§ Raw data:
____
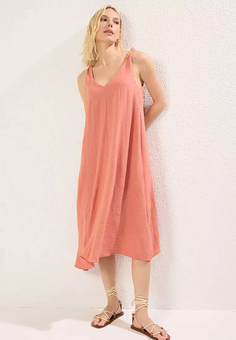 TrendyolPink Relaxed Cut V Neck Midi Woven Dress TWOSS23EL008822159.001413.00
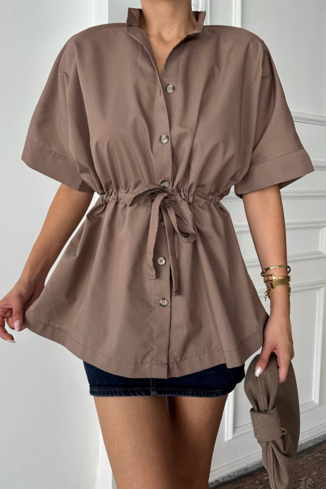 BEL BÜZGÜ DETAYLI POPLİN GÖMLEK - Kahverengi
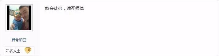 果然,有人马上跟帖回复:“教会徒弟,饿死师傅”。
____
§ Assignment:
Quote the listing above in full, except for the pictures.

§ Task output:
 TrendyolPink Relaxed Cut V Neck Midi Woven Dress TWOSS23EL008822159.001413.00
 BEL BÜZGÜ DETAYLI POPLİN GÖMLEK - Kahverengi
 果然,有人马上跟帖回复:“教会徒弟,饿死师傅”。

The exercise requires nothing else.